## [YOUR OBJECTIVE]
Retype every line from the start of the data down to and including the line with "民青の夏の学習講座「まなびc". Skip the pictures.

***** DATA EXTRACT *****

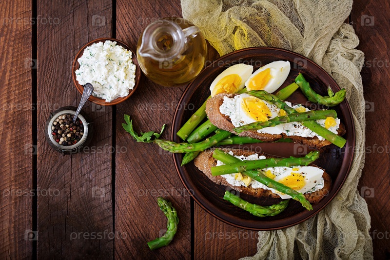Молодые побеги спаржи с ветчиной и яйцом
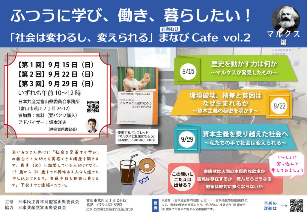 民青の夏の学習講座「まなびcafe」のマルクス編(計3回)が、9月29日終了しました。講師は、日本共産党富山県委員会の坂本洋史書記長でした。テキストは、『マルクスと友達になろう』(2015年)パンフです。
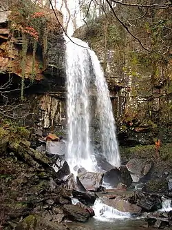 Melincourt Falls is an 80 feet (24 m) high waterfall on Melin Court Brook, a left-bank tributary of the River Neath / Afon Nedd, located 1-mile (1.6 km) south of Resolven in the county borough of Neath Port Talbot, south Wales. It is formed where the brook plunges over a resistant band of 'Lower Pennant Sandstone' in a 13 acres (5.3 ha) nature reserve managed by the Wildlife Trust of South and West Wales.[1][2] The falls have been drawing visitors for at least two centuries – they are certainly known to have inspired J. M. W. Turner to paint them in 1794.[3] The falls are considered by some to constitute a part of Waterfall Country though the bulk of these falls are a few miles further northeast at the head of the Vale of Neath.
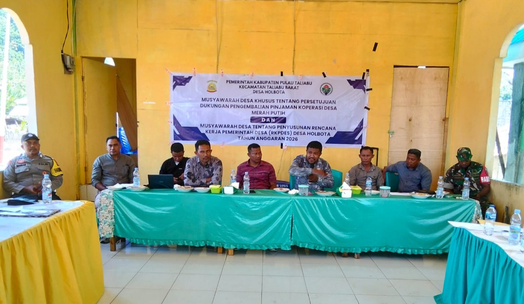 Tandaseru – Pemerintahan desa Holbota, kabupaten Pulau Taliabu, Maluku Utara, menggelar Musyawarah Desa (Musdes) Khusus tentang persetujuan dukungan pengembalian pinjaman Koperasi Desa (KOPDes) Merah Putih dan Musdes Rencana Kerja Pemerintah Desa (RKPDes) Tahun Anggaran 2026, Minggu (19/10/2025).
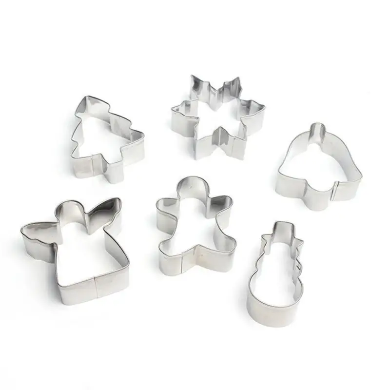Набор из 6 штук для резки печенья, специально для рождества, пряников, рождественской елки, снеговика, снежинки, ангела, колокольчика.
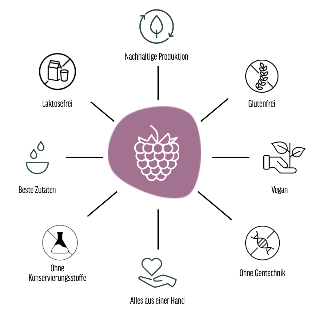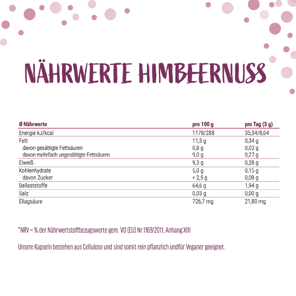 They contain the valuable ingredient ellagic acid. Ellagic acid belongs to the group of phenolic acids ; these are only found in nuts and fruits. In addition to the valuable ellagic acid, Lüttge Raspberry Nuts score points with their high content of fiber and polyunsaturated fatty acids.
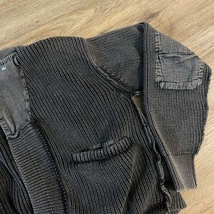 Chic dark gray cardigan with textured knit. Perfect for layering.
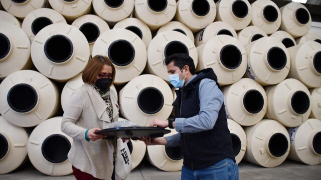 Los lineamientos del semáforo naranja para mitigar la ola de contagios de Covid-19, limita la aglomeración de personas, motivo por el que la entrega de los 300 tinacos se realiza de manera escalonada, convocando a grupos pequeños hasta concluir con la última familia beneficiada.
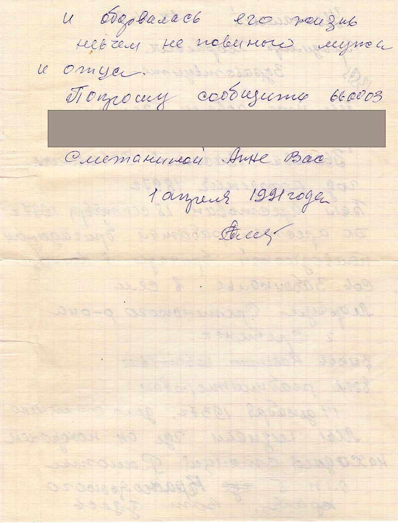 Был арестован 18 сентября 1937 г. До ареста работал бригадиром полеводческой
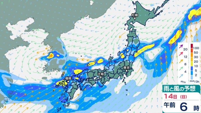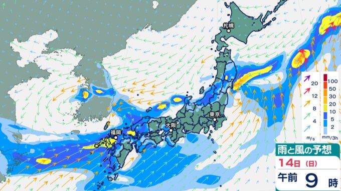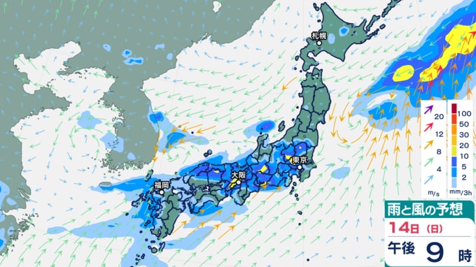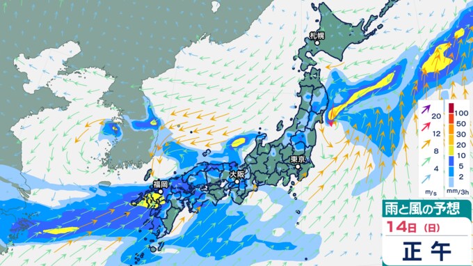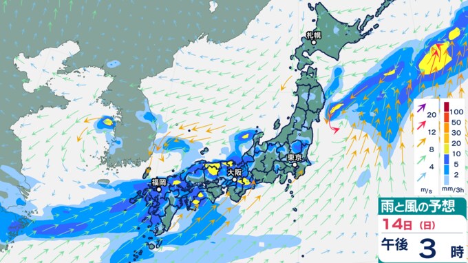 15日(月・祝)海の日も九州から中国、近畿、関東、東北など広い範囲で雨に
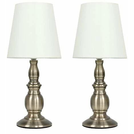 Pair of Traditional style touch table lamps in an antique brass effect finish with a cream shade. Simply touch the metal base to turn it on. The light can be set to 4 stages off a low level light for mood lighting a medium level light for general lighting and a high level light which is the brightest setting to create an intense pool of light. Please Note This lamp requires dimmable bulbs. Not suitable for standard LED or energy saving bulbs.
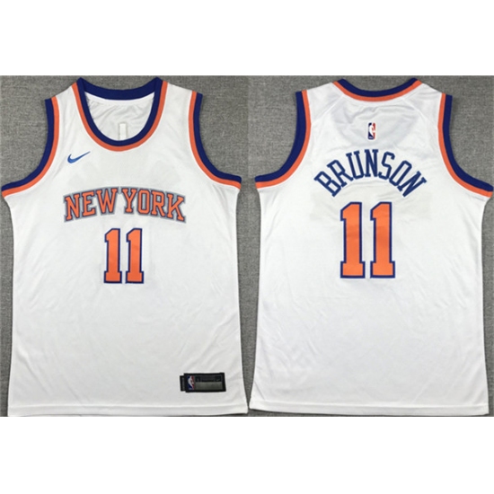 Youth New Yok Knicks #11 Jalen Brunson White Association Edition Stitched Swingman Jersey
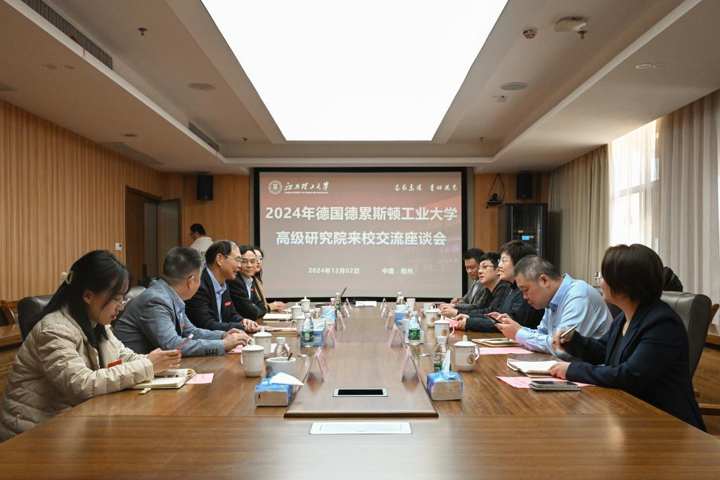 本网讯 12月2日,德国德累斯顿工业大学高级研究院TUDIAS中国事务主管、中国分院院长WEI ZHANG一行来校交流。校党委常委、副校长廖春发在濂溪楼会见外宾,教务处、国际交流与合作中心(国际教育学院、港澳台事务中心)相关负责人参加座谈。

*****

## [TASK RESPONSE]
Молодые побеги спаржи с ветчиной и яйцом
 民青の夏の学習講座「まなびcafe」のマルクス編(計3回)が、9月29日終了しました。講師は、日本共産党富山県委員会の坂本洋史書記長でした。テキストは、『マルクスと友達になろう』(2015年)パンフです。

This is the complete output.